After his return, Brudno initially displayed relief and optimism, but within weeks he began to experience severe depression. He struggled to adjust to civilian life after nearly eight years of captivity and was deeply affected by the time lost during his imprisonment. Those close to him observed significant emotional changes, and he reported feelings of isolation and difficulty reintegrating into family life. Despite seeking psychiatric treatment, his mental health continued to deteriorate. On June 3, 1973, approximately four months after his repatriation and a day before his 33rd birthday, Brudno died by suicide at his wife's family home in Harrison, New York. He was buried at Arlington National Cemetery.

==Awards and honors==
His decorations include:

United States Air Force Pilot Badge
Silver Star with bronze oak leaf cluster
| Legion of Merit | Distinguished Flying Cross with Valor device | Bronze Star Medal with Valor device and bronze oak leaf cluster |
| Purple Heart with bronze oak leaf cluster | Air Medal | Air Force Presidential Unit Citation |
| Prisoner of War Medal | National Defense Service Medal | Vietnam Service Medal with three silver campaign stars |
| Air Force Longevity Service Award with bronze oak leaf cluster | Republic of Vietnam Gallantry Cross Unit Citation | Vietnam Campaign Medal |

===Vietnam Veterans Memorial inclusion===
At the time, his suicide was classified as unrelated to combat wounds, resulting in his exclusion from the Vietnam Veterans Memorial.
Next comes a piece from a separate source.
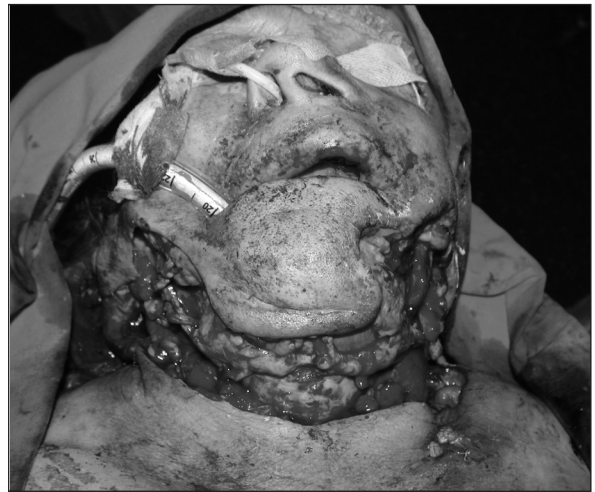
Figure 4. Surgical debridement of necrotic soft tissue.

It is difficult to diagnose NF in early stages due to its benign appearance. In the early stage, the skin is in-

Under the memorial's original criteria, only servicemembers killed in Vietnam or those who later died from physical wounds sustained in the war were eligible for inclusion. Decades later, Brudno's family, led by his brother Robert Brudno, advocated for his inclusion, arguing that his death was the direct result of the psychological and physical wounds he suffered as a prisoner. The case prompted debate within the Vietnam Veterans Memorial Fund. Jan C. Scruggs, then president of the fund, initially expressed concern that including Brudno could set a precedent for adding the names of other veterans who died by suicide after the war. Following an Air Force recommendation and review of Brudno's case, the U.S. Department of Defense officially approved the addition of his name to the memorial in 2004, ruling that his 1973 suicide was a direct result of wartime injuries. The Pentagon emphasized that Brudno's case was unique and should not be interpreted as a precedent for broadly including postwar suicides. Brudno's inclusion in the memorial occurred alongside six other names, at a ceremony planned on Memorial Day.